Decimo giorno

Il coronavirus ci sta costringendo a una dieta, ferrea, di buona parte dei sentimenti a cui eravamo abituati. E del nostro modo consueto di esternarli. Niente più abbracci né baci sulle guance, quando incontri qualcuno a cui vuoi bene. Niente più risate a pranzo o cena con i figli che vivono per conto loro, o con gli amici.  Niente più emozioni condivise, anche con gli estranei, come quelle che si provano durante un concerto dal vivo o una manifestazione. Non sai neppure quanto durerà la “fame” che questa dieta ti scatena, prima di tornare ad assaporare la bellezza di tutti i sentimenti a cui sei stato costretto a rinunciare da un virus letale.
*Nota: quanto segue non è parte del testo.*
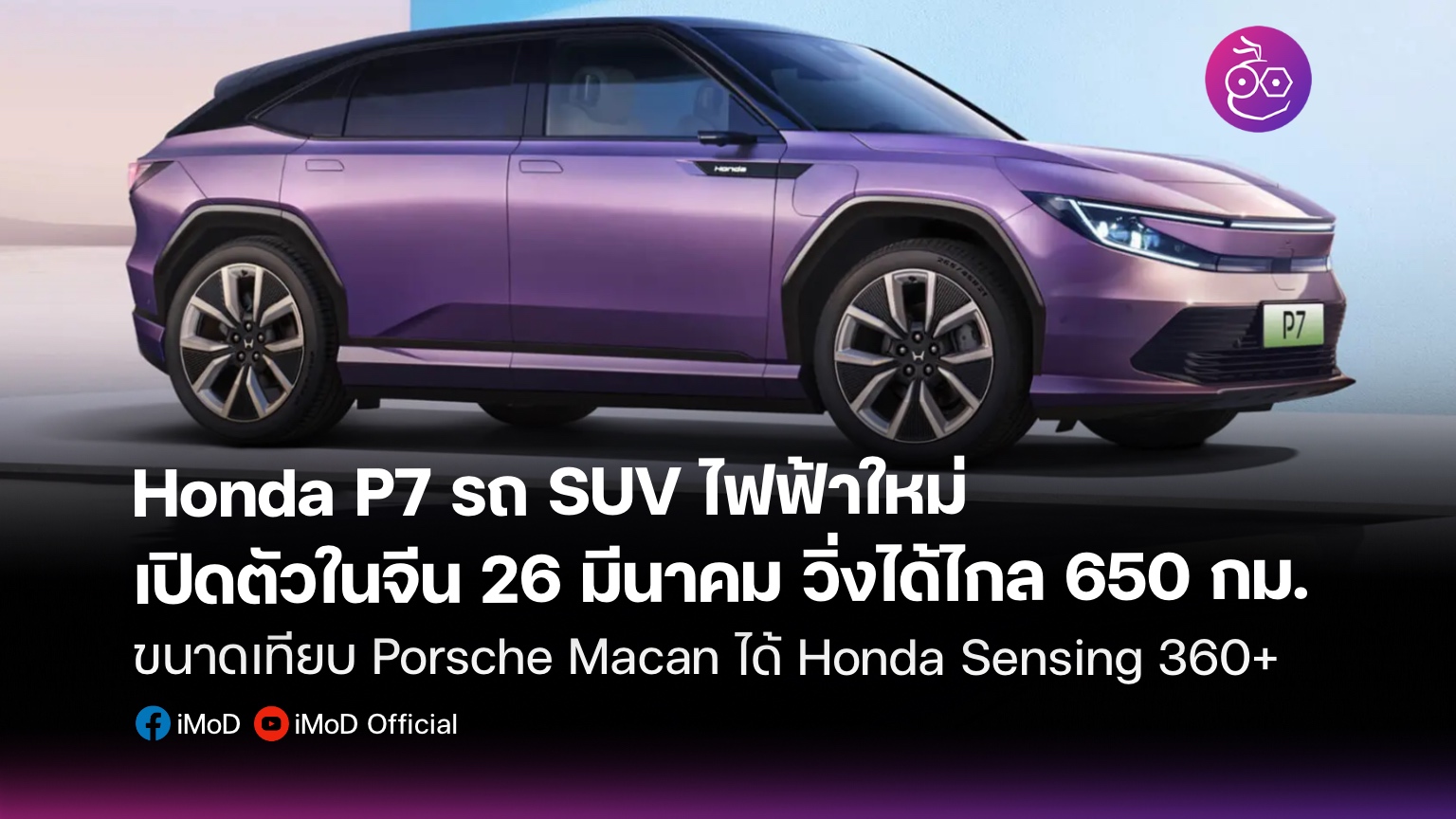 Honda P7 รถ SUV ไฟฟ้าใหม่ เปิดตัวในจีน 26 มีนาคม วิ่งได้ไกลสูงสุด 650 กม.
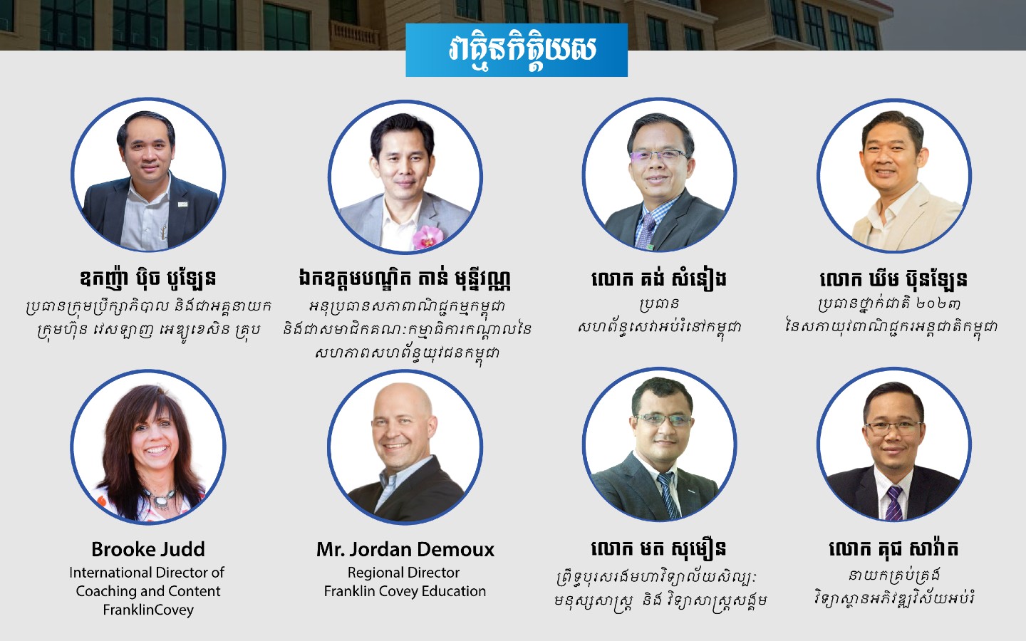 ចំពោះវាគ្មិនរួមមានឧកញ៉ា ប៉ិច បូឡែន អគ្គនាយកក្រុមហ៊ុនវេសឡាញ អេឌ្យូខេសិន គ្រុប និងជាប្រធានហ្វ្រែងខ្លីន ខូវី អេឌ្យូខេសិន ប្រចាំនៅកម្ពុជា, លោក មត សុមឿន ព្រឹទ្ធបុរសរងមហាវិទ្យាល័យ សិល្បៈមនុស្សសាស្ត្រ និងវិទ្យាសាស្ត្រសង្គម នៃសាកលវិទ្យាល័យ CamTech, ឯកឧត្តមបណ្ឌិត តាន់ មុន្នីវណ្ណ អនុប្រធានសភាពាណិជ្ជកម្មកម្ពុជា និងជាសមាជិកគណៈកម្មាធិការកណ្តាលនៃសហភាពសហព័ន្ធយុវជនកម្ពុជា, លោក ឃីម ប៊ុនឡែន ប្រធានថ្នាក់ជាតិ ២០២៣ នៃសភាយុវពាណិជ្ជករអន្តរជាតិកម្ពុជា, លោក គុជ សាវ៉ាត នាយកគ្រប់គ្រងវិទ្យាស្ថានអភិវឌ្ឍវិស័យអប់រំ, លោក គង់ សំនៀង ប្រធានសហព័ន្ធសេវាអប់រំនៅកម្ពុជា, Ms. Brook Judd, International Director of Coaching and Content, Franklin Covey Education (USA), Mr. Jordan Demoux, Regional Director of Franklin Covey Education, USA។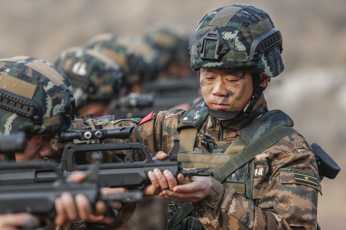 武警河北總隊(duì)某部大隊(duì)長(zhǎng)李闖組織特戰(zhàn)隊(duì)員進(jìn)行據(jù)槍訓(xùn)練(2021年3月4日攝)。新華社發(fā)(張丹 攝)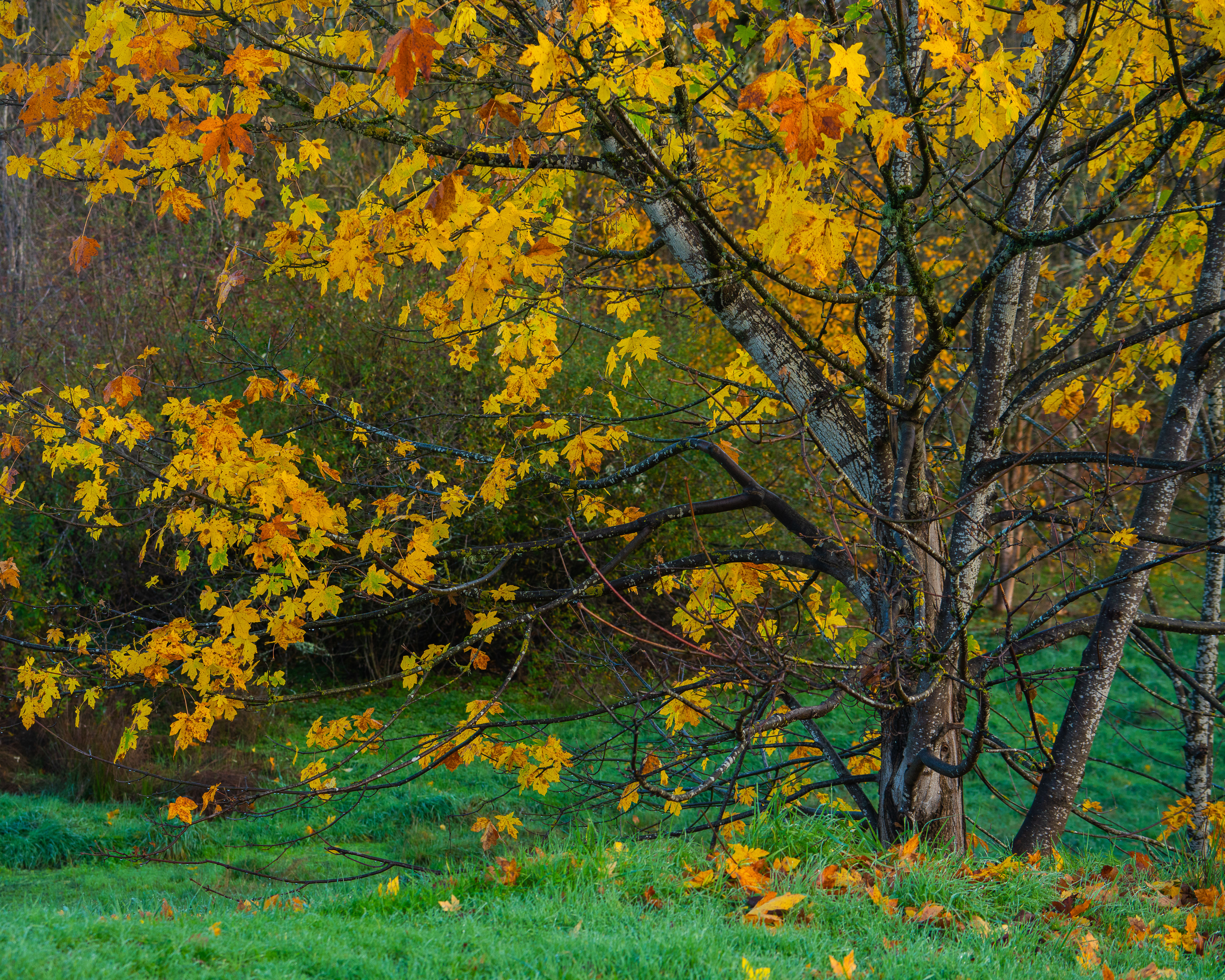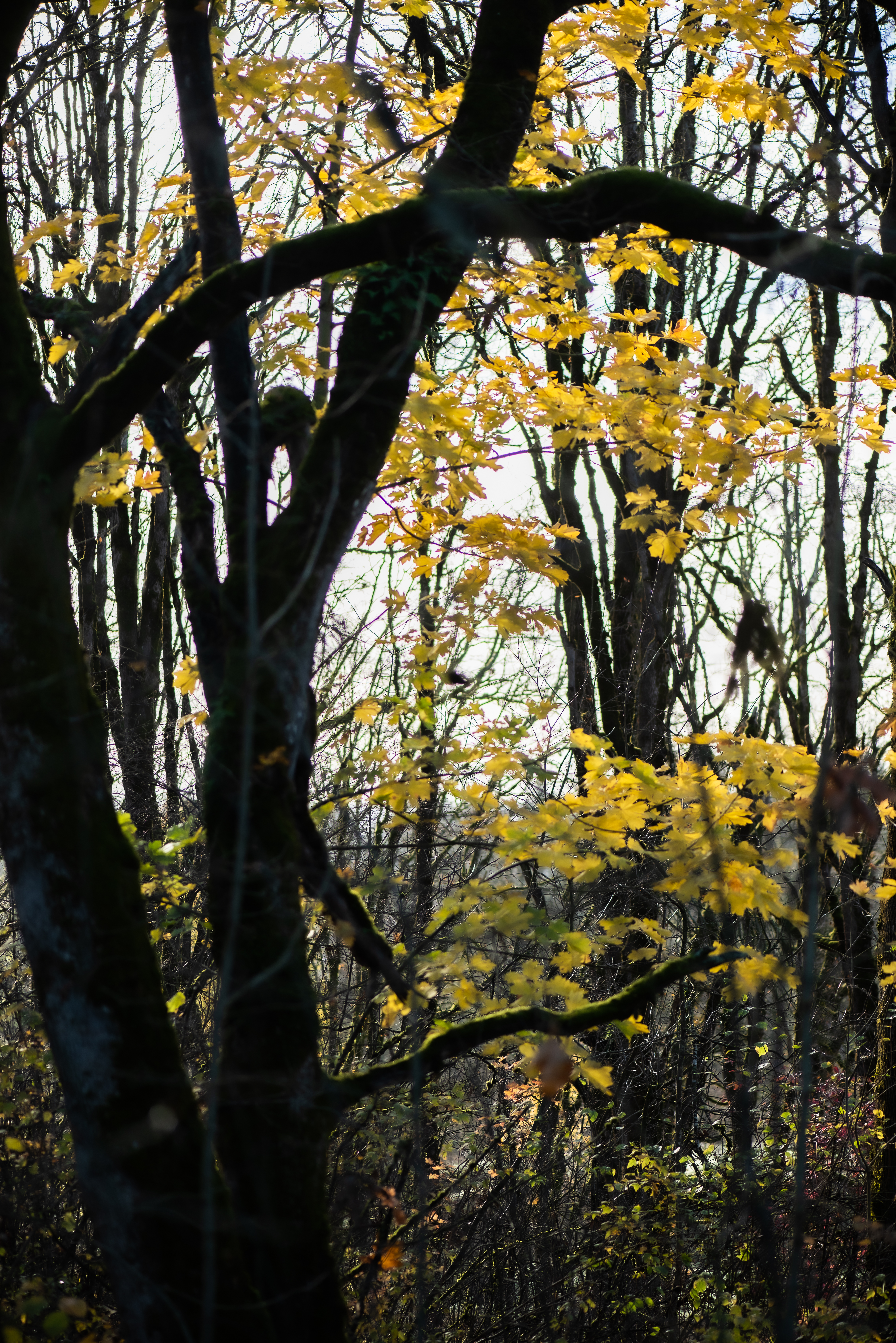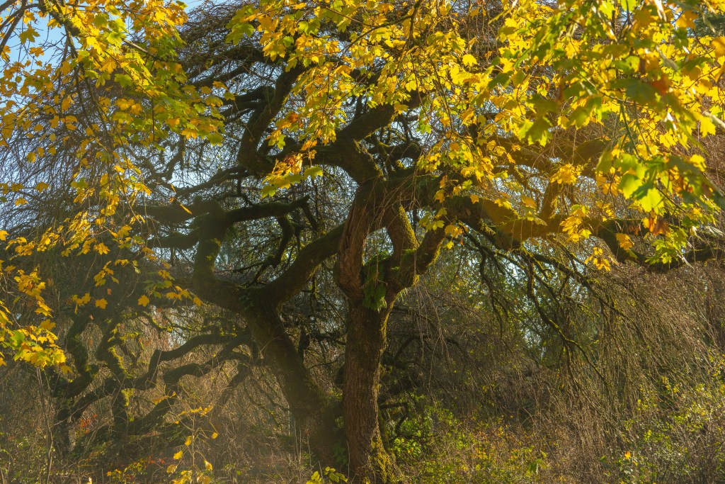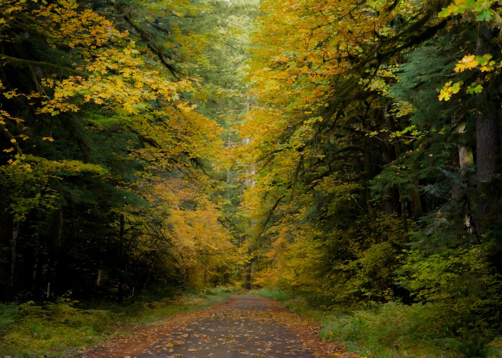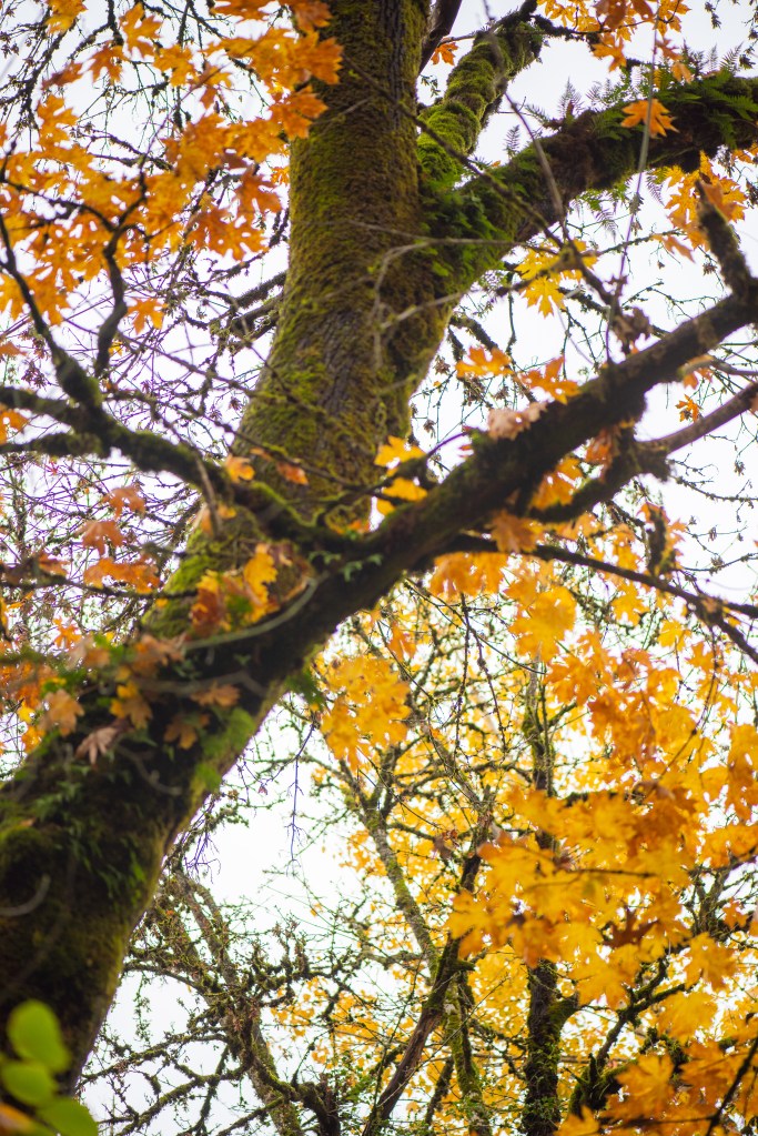 Fall has been amazing this year in NW Oregon. There are few leaves left even now, but it has lasted longer than I expected. I noticed a pattern in the colors from Sept to November. The first leaves to change that I noticed were from our blueberry bushes; reds. There were reds of the Vine Maple near Mt. Hood. Then the yellows and that is when I thought it was almost over; but mid November there was a deeper yellow/orange; and that was like an encore wave.

Chi da almeno dieci giorni, come sta capitando a me. Chi da un mese, come le persone che vivono nelle prime zone rosse del nostro Paese, tra la Lombardia e il Veneto.

Un vuoto, improvviso, di sentimenti che si riaccendono solo nei tuoi ricordi e in quelli che ti regalano le foto riemerse dai cassetti di un’amica, come quella della manifestazione nazionale organizzata da Legambiente a Roma, nel 1998, per un’Europa e un’Italia migliori. Facendoti dimenticare, anche se per poco, stati d’animo che non avresti mai immaginato di vivere in questo modo. L’ansia, per i numeri del contagio e l’attesa di un picco che non arriva mai. L’orrore, per le immagini dei camion dell’esercito che portano via i corpi di chi non ce l’ha fatta e deve essere cremato in altri inceneritori, perché quello cittadino è saturo ogni oltre limite. La paura, per un futuro che non riesci a immaginare oltre l’orizzonte temporale delle 24 ore. Ansia, orrore, paura sono tossine che entrano in circolazione in una società anche in condizioni normali, ma che solo durante una guerra diventano una costante della vita quotidiana, come ci raccontano i libri di storia e le testimonianze di chi l’ha attraversata. Che danni faranno, oggi, queste tossine a quella parte di umanità, la nostra, che non conosce più da oltre 70 anni i rigori di una guerra? Non c’è neppure un nemico verso cui catalizzare le energie negative che scatena un conflitto. Quelli che s’intravedono passeggiano senza una meta, fanno jogging, vanno in bicicletta. E fanno incazzare oggi molto più di chi dorme per strada, perché non ha una casa dove rifugiarsi. O di un migrante.

Non sono uno psicologo e non ho nessuna competenza per dare una risposta. Ma quello che sto sforzandomi di fare alle 12, 18 e 21 di ogni giorno, testardamente, è un tentativo improvvisato di “terapia di comunità”. E ieri ho scoperto che forse può funzionare. Uno dei miei vicini di casa mi ha raccontato di essere andato a fare la spesa per la mamma anziana, di aver sentito il silenzio del quartiere in cui vive e la mancanza dei pochi minuti al giorno passati insieme a Largo Minganti, affacciati da un balcone o a una finestra, per applaudire, cantare, accendere una luce. Scoprendo che sono tante le persone con lo stesso bisogno: provare di nuovo, per quello che si può, i sentimenti che regalano quei gesti quotidiani a cui il Covid19 ci sta costringendo a rinunciare. Un abbraccio, un bacio su una guancia, l’emozione di un applauso condiviso con persone che non conosci, a un concerto o una manifestazione. Una piccolissima cosa, di fronte ai sacrifici e al coraggio di chi è in trincea nelle strutture sanitarie. Ma in questa r-esistenza al coronavirus non esistono retrovie. Dobbiamo sentirci, tutti, in prima linea, se vogliamo vincere. Daje! #quellocolbongo (e col megafono).